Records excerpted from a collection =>

───

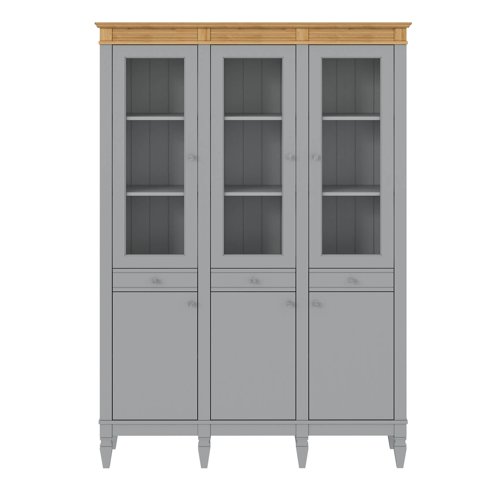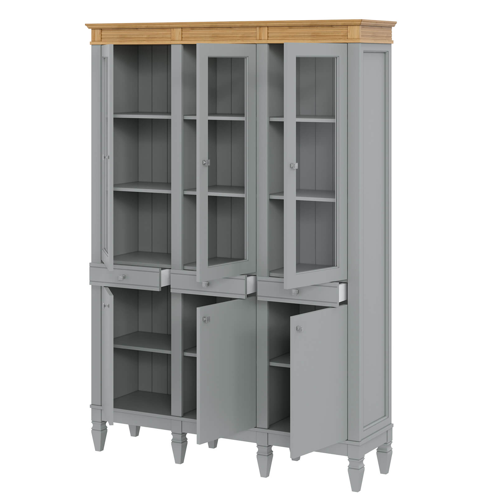 Деревянный стеллаж из сосны / кухонный буфет Ольса-303/330 серый №7042 + антик №24 массив сосны, 3 вертикальные секции , в каждой по 4 полки и 3 стеклянные двери и 3 глухие дверцы, 3 ящика над ними.
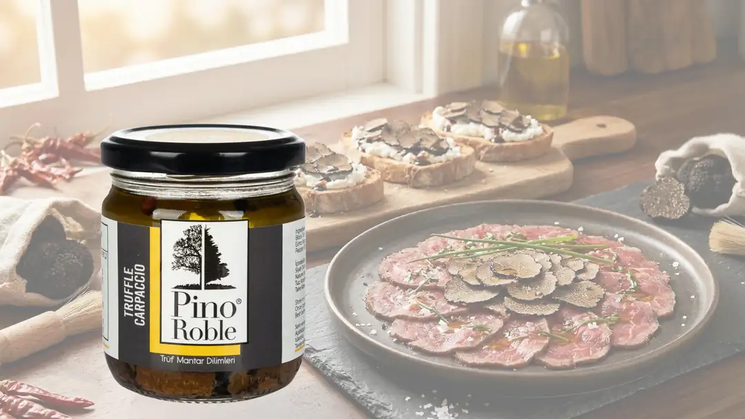 Pino Roble Siyah Trüf Carpaccio, ince dilimleri sayesinde özellikle et yemeklerinin üzerinde çok şık durur. Bruschetta veya peynir tabaklarında da rahatlıkla kullanılabilir.
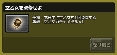 空乙女改修の任務で1回目報酬が空乙女ガチャメダルx5から、空乙女ガチャメダルx1に変更になっています。
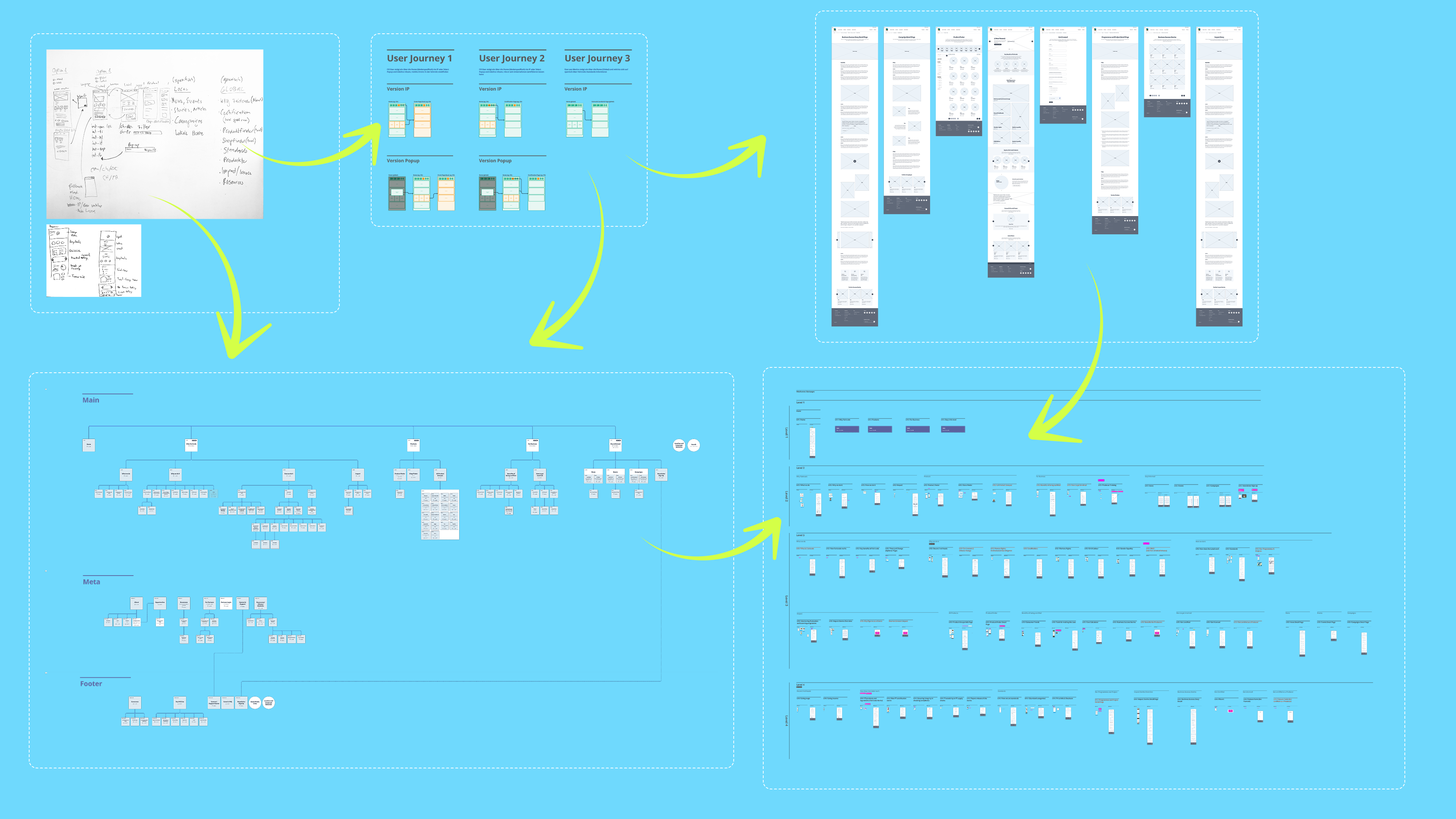 Um die komplexen Anforderungen der internationalen Märkte zu bündeln, wurden in strategischen Workshops die globalen Flows sowie die Informationsarchitektur präzisiert. Auf dieser Grundlage entwickelte ich ein umfassendes Framework aus Wireframes und modularen Templates, die als technisches Fundament in den Adobe Experience Manager überführt wurden. Die Erarbeitung dieses konsistenten Komponentensystems stellte sicher, dass die weltweiten Länderorganisationen ihre Inhalte flexibel pflegen können, ohne die Identität der globalen Marke zu gefährden.
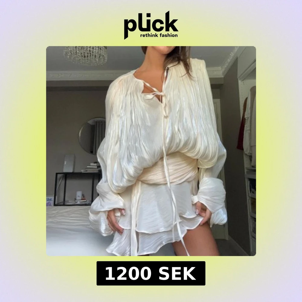 Säljer en superfin Miss Rosier klänning i champagnefärgad ton med glansigt, plisserat tyg. Klänningen har omlottmodell, långa puffiga ärmar och snörning vid halsen. Kjolen är kort med volangkant och ger en flowy vibe. Perfekt för dig som gillar unika plagg med lyxig känsla. Den är helt oanvänd och det ingår shorts!
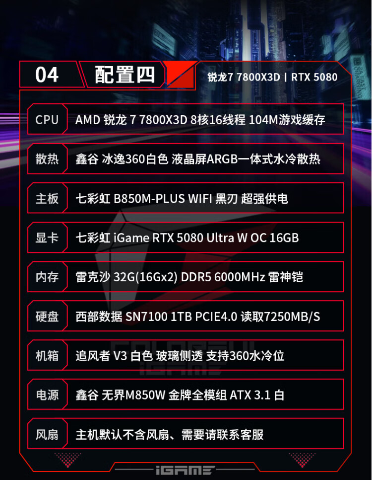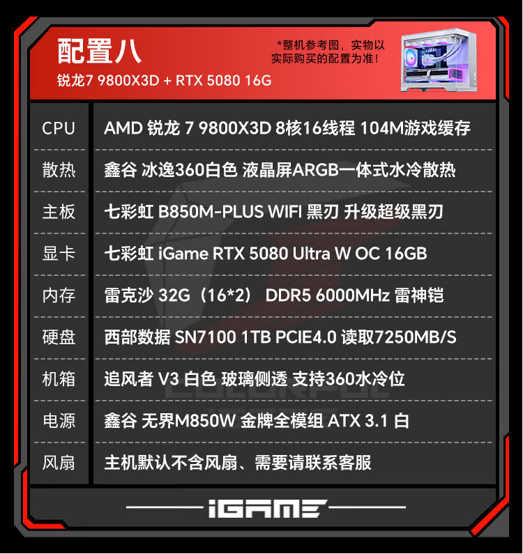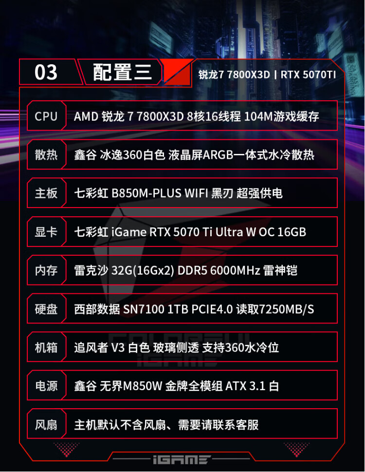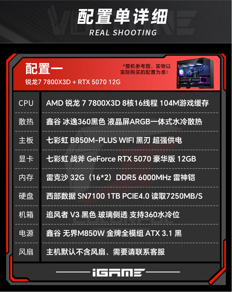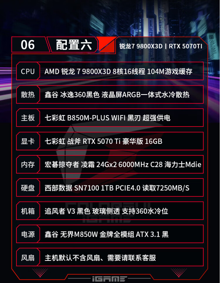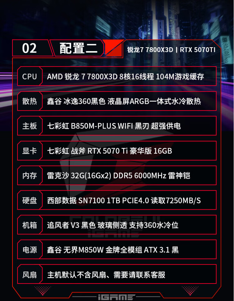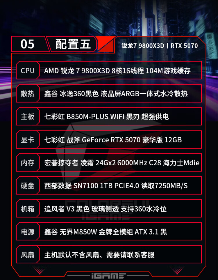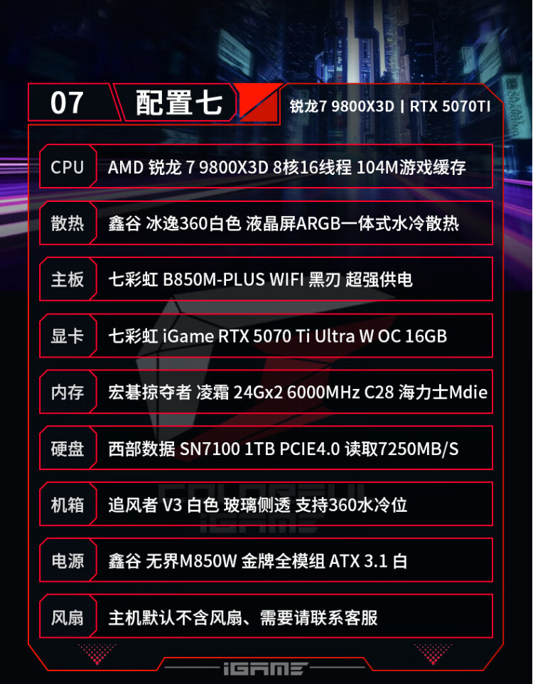 Colorful AMD Ryzen 7 9800X3D/7800X3D/5080/5070Ti Thousand-frame e-sports 48G AI live broadcast design game console DIY assembly of the complete desktop computer Configuration 1 R7 7800X3D丨RTX5070

───

Pictures should be skipped, and the records retyped word for word.

 Деревянный стеллаж из сосны / кухонный буфет Ольса-303/330 серый №7042 + антик №24 массив сосны, 3 вертикальные секции , в каждой по 4 полки и 3 стеклянные двери и 3 глухие дверцы, 3 ящика над ними.
 Pino Roble Siyah Trüf Carpaccio, ince dilimleri sayesinde özellikle et yemeklerinin üzerinde çok şık durur. Bruschetta veya peynir tabaklarında da rahatlıkla kullanılabilir.
 空乙女改修の任務で1回目報酬が空乙女ガチャメダルx5から、空乙女ガチャメダルx1に変更になっています。
 Um die komplexen Anforderungen der internationalen Märkte zu bündeln, wurden in strategischen Workshops die globalen Flows sowie die Informationsarchitektur präzisiert. Auf dieser Grundlage entwickelte ich ein umfassendes Framework aus Wireframes und modularen Templates, die als technisches Fundament in den Adobe Experience Manager überführt wurden. Die Erarbeitung dieses konsistenten Komponentensystems stellte sicher, dass die weltweiten Länderorganisationen ihre Inhalte flexibel pflegen können, ohne die Identität der globalen Marke zu gefährden.
 Säljer en superfin Miss Rosier klänning i champagnefärgad ton med glansigt, plisserat tyg. Klänningen har omlottmodell, långa puffiga ärmar och snörning vid halsen. Kjolen är kort med volangkant och ger en flowy vibe. Perfekt för dig som gillar unika plagg med lyxig känsla. Den är helt oanvänd och det ingår shorts!
 Colorful AMD Ryzen 7 9800X3D/7800X3D/5080/5070Ti Thousand-frame e-sports 48G AI live broadcast design game console DIY assembly of the complete desktop computer Configuration 1 R7 7800X3D丨RTX5070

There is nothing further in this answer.